[BOUNTY - $500] Support multiple models running concurrently
- Currently exo supports multiple requests to the same LLM concurrently (after: https://github.com/exo-explore/exo/pull/282)
- However, if you try to request 2 different LLMs concurrently it fails
Hi I would like to work on this
Hi I would like to work on this
Assigned. Good luck - pls tag me here or on Discord if you have any questions or run into bugs!
Increased bounty to 500 USD as this appears to be harder than anticipated.
No activity for a month. Opening this back up.
@DESU-CLUB, any ideas? what research did you get?

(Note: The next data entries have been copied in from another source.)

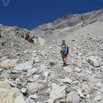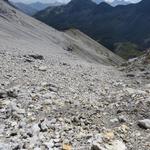 über feines Geröll verlieren wir weiter rasch an Höhe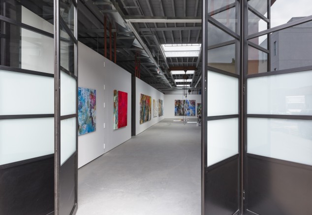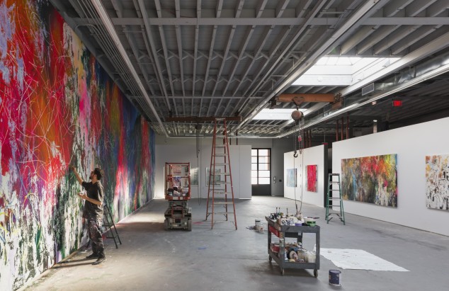 Last summer, Cuban-American artist José Parlá worked with Snøhetta to renovate a warehouse in the Gowanus section of Brooklyn and convert it into a working artist’s studio. Post-renovation, the building still retains the aesthetics of its working past with its industrial ceilings and concrete floors. Existing skylights and windows were re-opened to bring in natural light, and the garage door was widened for accessibility. The interiors are painted in neutral grey tones so that the vibrant colors of Parlá’s paintings stand out within the work space. The 5,000-square-foot space contains two main areas. A pair of interlocking, U-shaped wall systems create the studio’s “arena,” which is the artist’s main work area with ample space to exhibit current pieces. Pivoting walls provide flexibility to accommodate large-scale murals, such as the recently-completed 90-by-15-foot ONE: Union of the Senses, created specifically for the main lobby of 1 World Trade Center. A cozy area called the “nest” on the mezzanine is a relaxing space for the artist to view his paintings from a different perspective. The design of this studio is one in a series of collaborations with Snøhetta, including the integrated artwork for the façade of the Far Rockaway Public Library in Queens, and Nature of Language, a mural completed last year for the Hunt Library at North Carolina State University.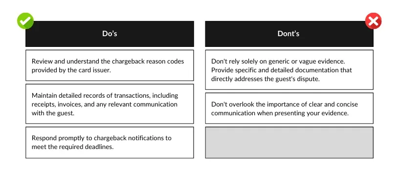 To increase their chances of successfully winning chargebacks, HMCs need to adopt a meticulous chargeback management strategy when gathering and submitting evidence. Here are some Do's and Don'ts to win more chargebacks: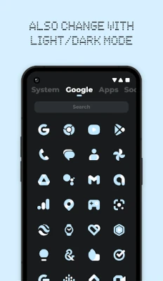 Everything Material You Light/Dark Icons - Shapeless. These shapeless icons adapt to your wallpaper and system accent colors, as well as the light/dark mode of your device. Developed with the minimalist and innovative design philosophy, this icon pack offers a clean, modern aesthetic.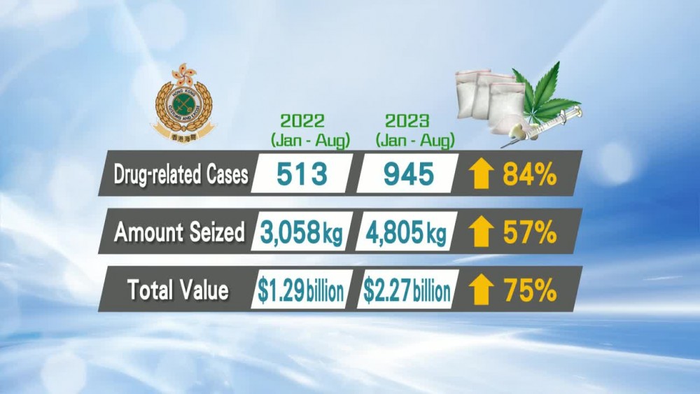 Hong Kong Customs held a five-day workshop, inviting representatives from 24 mainland and international law enforcement agencies to share the latest drug trafficking trends and tactics. In the first eight months of this year, the number of drug busts surged 85 percent with the most notable increase involving cannabis cases.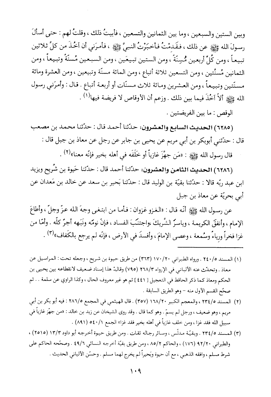 (٣) المسند ٥/ ٢٣٤. وبقيّة مدلّس، وسائر رجاله ثقات. ومن طريق حيوة أخرجه أبو داود ٣/ ١٣ (٢٥١٥)، والطبراني ٢٠/ ٩٢ (١٧٦)، والحاكم ٢/ ٨٥، ومن طريق بقيّة أخرجه النسائي ٦/ ٤٩. وصحّحه الحاكم على شرط مسلم، وافقه الذهبي، مع أن حيوة وبَحيرًا لم يخرج لهما مسلم. وحسّن الألباني الحديث.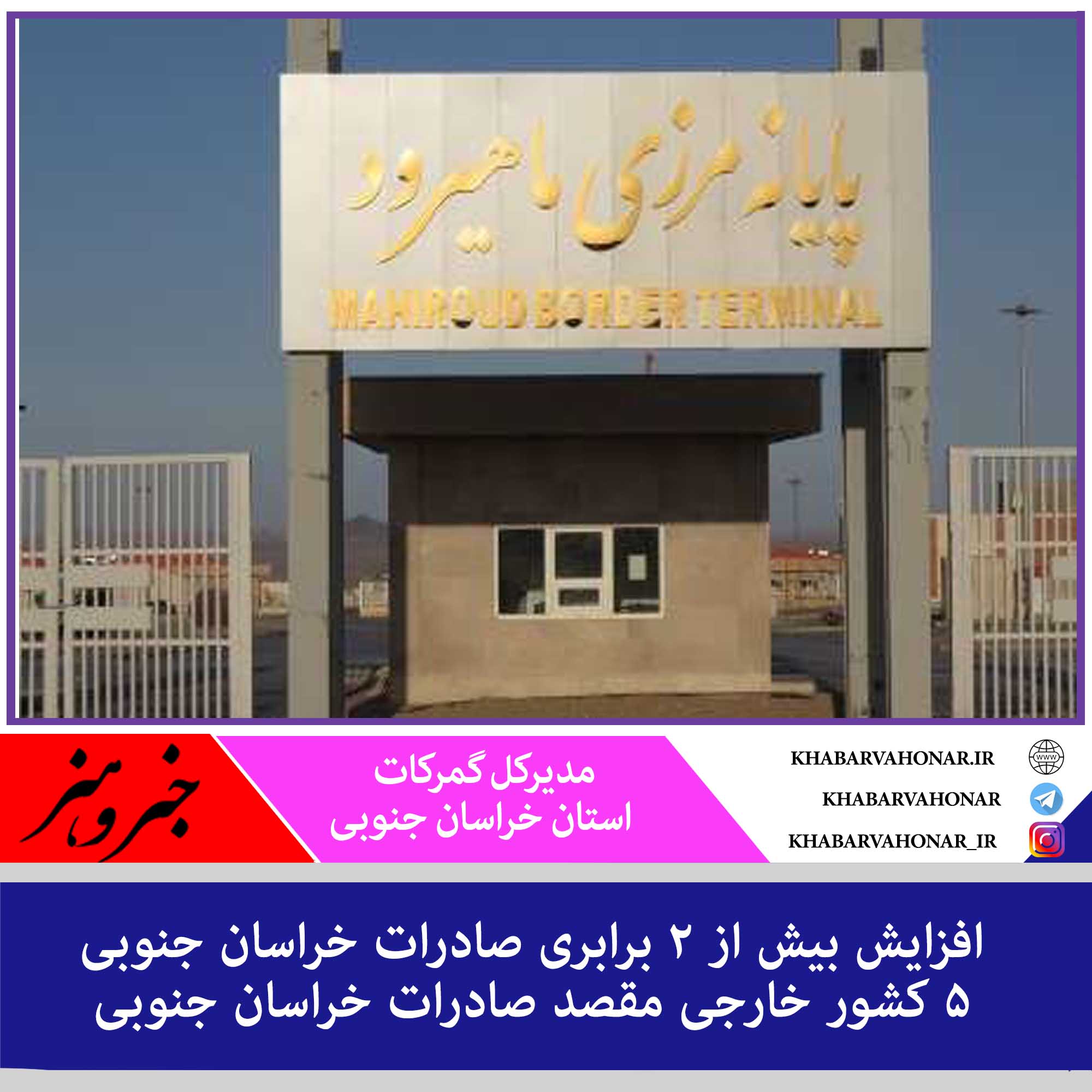 صادرات خراسان جنوبی در ۲ ماه گذشته ، ۱۰۷ درصد افزایش داشته است.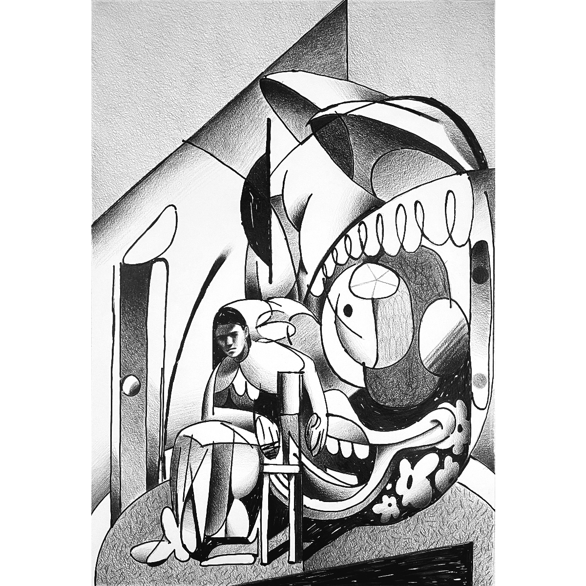 Бумага, акрил, карандаш Как часто перед сном вас захватывает поток навязчивых мыслей — сменяющих друг друга, словно кадры в бесконечной проекции? Воображение начинает работать автономно, создавая странные, порой абсурдные сценарии, лишь отчасти связанные с реальностью. В условиях нарастающего информационного шума, стремительного развития технологий и алгоритмов формируется особое состояние — фоновая тревожность, ставшая неотъемлемой частью современного опыта. Это тихое, но масштабное явление влияет на то, как мы думаем, чувствуем и воспринимаем будущее. Не случайно психотерапия превратилась в один из символов нашего времени. Под воздействием внешних факторов воображение способно конструировать настолько яркие и убедительные образы возможного будущего, что реальность постепенно отступает на второй план. Этот механизм лежит в основе серии “Weird Thoughts”. Её персонажи словно растворяются в собственных фантазиях: их силуэты размыты, в то время как воображаемые миры обретают плотность, насыщенность и визуальную выразительность. Художественный язык серии строится на контрасте — между блеклой, ускользающей реальностью и гипертрофированным, эклектичным пространством внутренних образов. Здесь страхи обретают форму: кто-то, охваченный тревогой перед катастрофами, населяет свои мысли чудовищами, сжигающими города; кто-то, одержимый идеей вечной молодости, мчится в фантазийном кабриолете-пилюле сквозь ландшафты собственного сознания. В этих сюжетах легко узнать себя. И, возможно, благодаря намеренно насыщенной, местами наивной живописной манере, зритель получает шанс отстраниться, взглянуть на свои тревоги со стороны — и затем вернуться к реальности, к её подлинной, живой и многослойной палитре.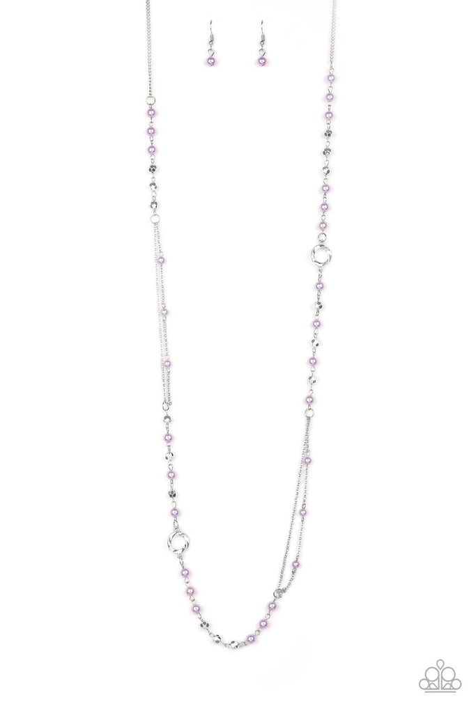 A collection of purple pearls, twisting silver hoops, and faceted silver beads trickle along an asymmetrical silver chain for a refined look. Features an adjustable clasp closure.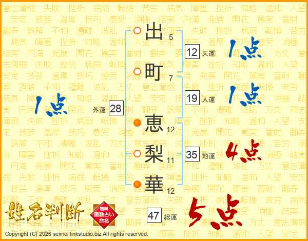 出町恵梨華さんの総運は47画の5点!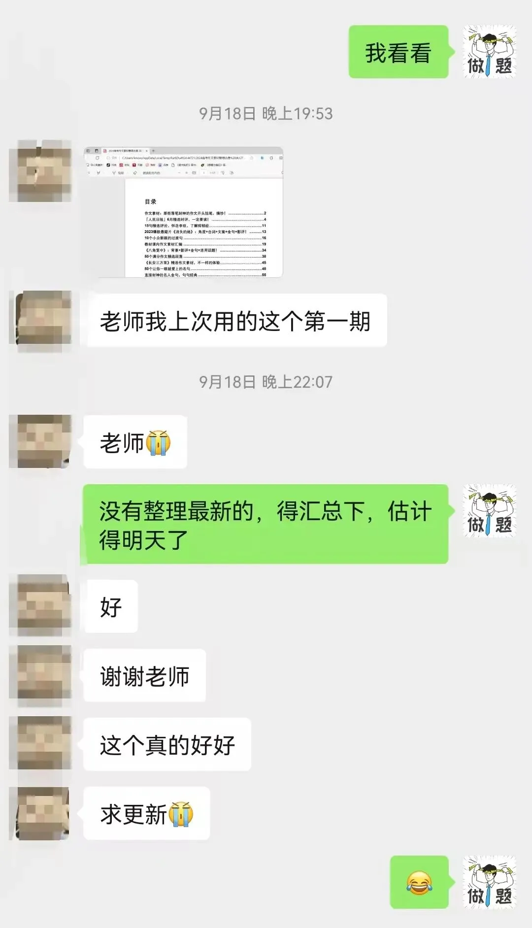 做完我给他发消息:

Hey sorry was busy with college
While working on this I found out that the engines had a race condition within the inference engines. When I tried reproducing the bug in both tinygrad and the torch engine I encountered issues such as the following:
I send a request to Model A and Model B, but the response for Model A appears in the chat for Model B and vice versa.
I believe adding semaphores should help solve the issue, but wasn't able to completely implement it bug free because there was an occasional deadlock that I was trying to fix
Hey sorry was busy with college
While working on this I found out that the engines had a race condition within the inference engines. When I tried reproducing the bug in both tinygrad and the torch engine I encountered issues such as the following:
I send a request to Model A and Model B, but the response for Model A appears in the chat for Model B and vice versa.
I believe adding semaphores should help solve the issue, but wasn't able to completely implement it bug free because there was an occasional deadlock that I was trying to fix
Sounds like good progress - reassigned
Hey update on the issue, with the new updates most of the code I wrote last month was invalid, so am working on a new version right now. I'm not too sure how much time I can commit on this so do feel free to unassign me if I am taking too much time.
The issue is still the same, there is a need for a semaphore or a lock to manage states at the model level to let multiple models run concurrently without causing race conditions.